Pre-mortems with AI before you commit

A founder reading a long block of text on her laptop at her kitchen table in the evening, with a printed term sheet and pencil notes beside her
TL;DR

A pre-mortem asks you to imagine the project failed twelve months from now and write the history of why. Gary Klein's 1989 research showed this prospective-hindsight framing produces around 30 per cent more reasons for a given outcome than forward forecasting. AI is unusually good at this because it does not share your optimism or your advisors' alignment incentives. Three prompts, two hours, one honest risk register.

Key takeaways

- A pre-mortem is the cheapest insurance policy left when you are inside 24 hours of a major commitment. The 1989 Mitchell, Russo and Pennington research and Klein's 2007 HBR write-up both show that imagining failure as a completed fact surfaces around 30 per cent more causal explanations than forward-looking risk lists. - AI sits well in this seat because it does not share your optimism, your advisors' alignment incentives, or your team's reluctance to disagree with the founder in the room. Used as a structured devil's advocate, it generates failure narratives in minutes rather than days. - The prompt sequence has three turns, not one. Turn one is the failure narrative. Turn two asks for the failure mode you are least prepared for. Turn three forces the AI to argue against its own list. Single-turn pre-mortems produce generic risks; the third turn is where the work happens. - The judgement step is yours. Sort the AI's failure modes into three buckets: real risks (mitigate before signing), paranoia (let go), and walk-away triggers (kill criteria written down before the meeting). Without kill criteria in writing you will sign. - This is not a SWOT replacement so much as a SWOT antidote. SWOTs are tidy, balanced, and consensus-friendly. Pre-mortems are uneven, uncomfortable, and honest. The discomfort is the signal, not the bug.

She is twenty-four hours away from signing a £600k partnership commitment, and her gut is not entirely sure. Her lawyer has redlined the contract. Her accountant has pressure-tested the numbers. Her board chair has nodded the deal through. The pitch deck from the partner is good. The strategic logic is good. Everything in the room is pointing at sign.

The only thing left in the room that has not lined up behind the deal is her. And the AI on her laptop, if she chooses to use it that way.
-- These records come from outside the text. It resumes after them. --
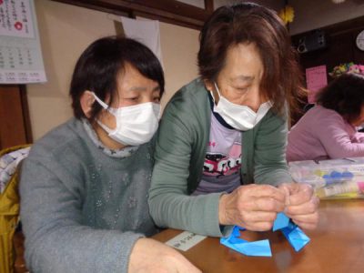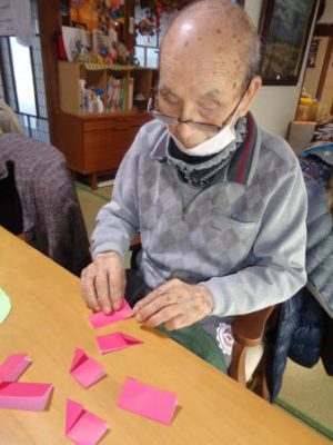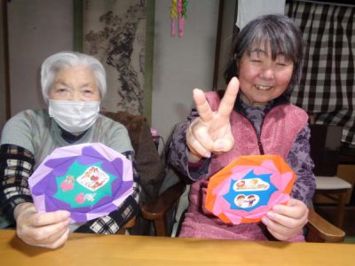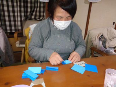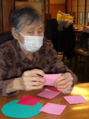 まずは、同じ色の折り紙を2枚、選んでいただき
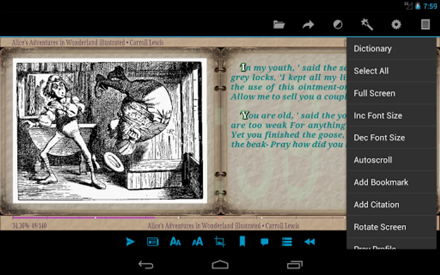 Program is designed for reading fiction book.
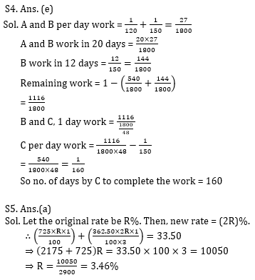 Q5. A sum of Rs. 725 is lent in the beginning of a year at a certain rate of interest. After 8 months, a sum of Rs. 362.50 more is lent but at the rate twice the former. At the end of the year, Rs. 33.50 is earned as interest from both the loans. What was the original rate of interest?

What is a pre-mortem with AI?

A pre-mortem is a deliberately uncomfortable thinking move. You imagine the commitment has been signed, twelve months have passed, and the project has failed badly. From that future point you write the history of why. Done with AI as the second voice, you draft a one-page failure narrative in minutes, then push for the failure mode you are least prepared for. Three turns, two hours, one honest risk register.
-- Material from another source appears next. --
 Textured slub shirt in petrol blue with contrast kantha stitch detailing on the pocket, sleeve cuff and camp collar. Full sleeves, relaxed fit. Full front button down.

The methodology is older than the AI part. Deborah Mitchell, Edward Russo and Nancy Pennington published the founding research in 1989, showing that imagining a future event as a completed certainty generates around 30 per cent more causal reasons than treating the same event as a probability. Gary Klein turned that finding into a working protocol, written up in Harvard Business Review in 2007. Daniel Kahneman has called it the single most useful debiasing tool he knows for organisational decisions. Amy Edmondson’s research on psychological safety explains why it works in a room: a structured exercise that legitimises dissent breaks the consensus pressure that suppresses doubt at every other commitment-stage meeting.

What AI adds is speed and a second perspective that does not share your optimism. A founder with 24 hours has no time to convene a workshop. The model gives you something close enough, fast enough, if you frame the prompts correctly.
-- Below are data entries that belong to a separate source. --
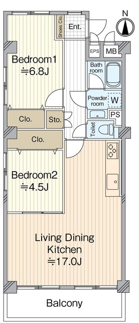 専有面積 | 65.12u | 間取り | 2LDK (LDK17/洋室6.8/洋室4.5) | ||
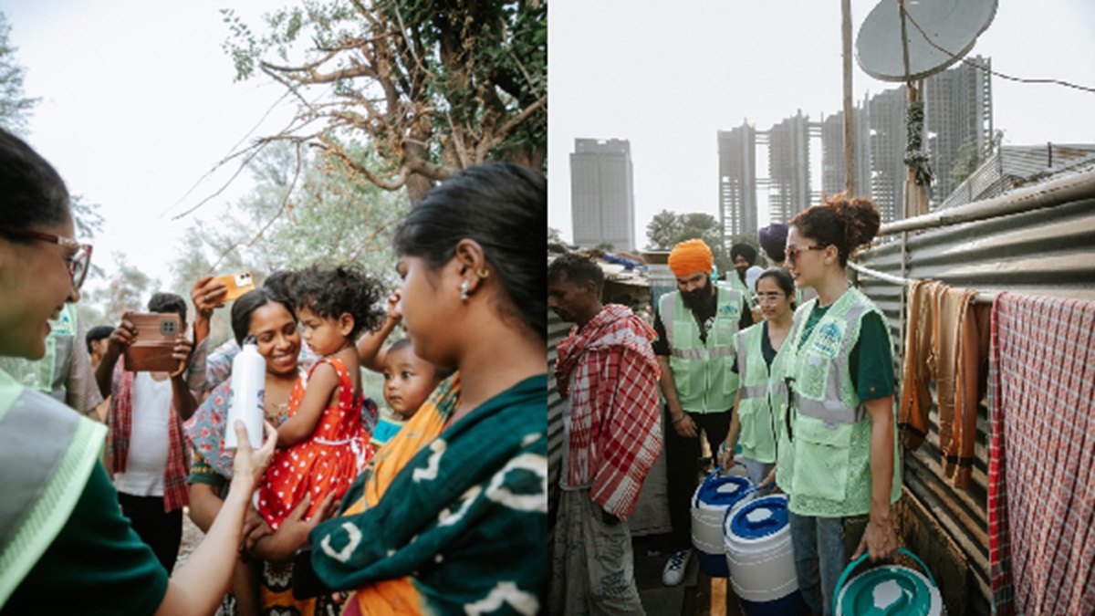 In these latest images, we see Taapsee distributing water dispensers and bottles to small children and the needy.
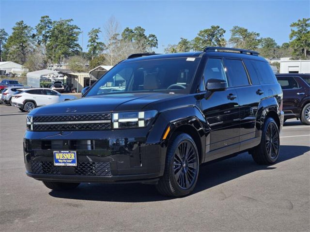 This 2026 Hyundai Santa Fe Hybrid Calligraphy in Phantom Black comes with the following features: I4 6-Speed Automatic with Shiftronic AWD I4 Option Group 01, I4, 12 Speakers, 3rd row seats: bench, 4-Wheel Disc Brakes, ABS brakes, Air Conditioning, Alloy wheels, AM/FM radio: SiriusXM, Apple CarPlay & Android Auto, Auto High-beam Headlights, Auto-dimming Rear-View mirror, Automatic temperature control, Brake assist, Bumpers: body-color, Cargo Cover/Screen, Cargo Net, Cargo Tray, Carpeted Floor Mats, Delay-off headlights, Driver door bin, Driver vanity mirror, Dual front impact airbags, Dual front side impact airbags, Electronic Stability Control, Emergency communication system, Exterior Parking Camera Rear, Four wheel independent suspension, Front anti-roll bar, Front Bucket Seats, Front Center Armrest, Front dual zone A/C, Front reading lights, Fully automatic headlights, Garage door transmitter: HomeLink, Heads-Up Display, Heated and Ventilated Front Bucket Seats, Heated door mirrors, Heated front seats, Heated rear seats, Heated steering wheel, Illuminated entry, Knee airbag, Leather steering wheel, Low tire pressure warning, Memory seat, Navigation System, Occupant sensing airbag, Outside temperature display, Overhead airbag, Overhead console, Panic alarm, Passenger door bin, Passenger vanity mirror, Power door mirrors, Power driver seat, Power Liftgate, Power moonroof, Power passenger seat, Power steering, Power windows, Quilted Premium Nappa Leather Seat Trim, Radio: AM/FM/HD Bose Premium Audio System, Rain sensing wipers, Rear anti-roll bar, Rear side impact airbag, Rear window defroster, Rear window wiper, Remote keyless entry, Roof Rack Crossbars, Security system, Speed control, Speed-sensing steering, Split folding rear seat, Spoiler, Steering wheel mounted audio controls, Tachometer, Telescoping steering wheel, Tilt steering wheel, Traction control, Trip computer, Turn signal indicator mirrors, Variably intermittent wipers, Ventilated front seats, and Wheels: 20" x 8.5J Unique Dark Finish Alloy. 35/34 City/Highway MPG Price includes: $4000 - Hyundai HMF Dealer Choice : $4000 discount and 5.39% APR for 24 months. $44.05 per $1000 financed. Available to well qualified buyers who finance through Hyundai Motor Finance. H704. Exp. 03/31/2026

Why does this matter for your business?

Because the decisions that hurt owner-operators most are the ones the room agreed on. Sydney Finkelstein’s Tuck research on executive failure walks through case after case where the formal risk process existed and was followed, and the organisation still committed to the wrong move because momentum and consensus overrode it. Iridium, AOL/Time Warner, and Patisserie Valerie all had blue-chip advisers on every side of the table. None of that prevented the commitment from being signed.

The mechanism is not stupidity. “Advisors all approved” feels like risk has been handled, when what has actually happened is that everyone in the room shares a financial or social interest in the deal closing. Your lawyer bills more if it signs. Your corporate finance adviser bills more if it signs. Your board may have promised this number to investors. The pre-mortem inserts a voice with no skin in the deal, asking the only question the room is structurally bad at asking.

For an owner-operator of a UK services SME, the asymmetry is sharper still. A FTSE 250 board can absorb a bad partnership and survive. A 12-person consultancy that signs a five-year exclusive committing 30 per cent of revenue to one partner cannot. The cost of getting one of these wrong is years of capital, attention, and reversibility you no longer have. The cost of the pre-mortem is two hours.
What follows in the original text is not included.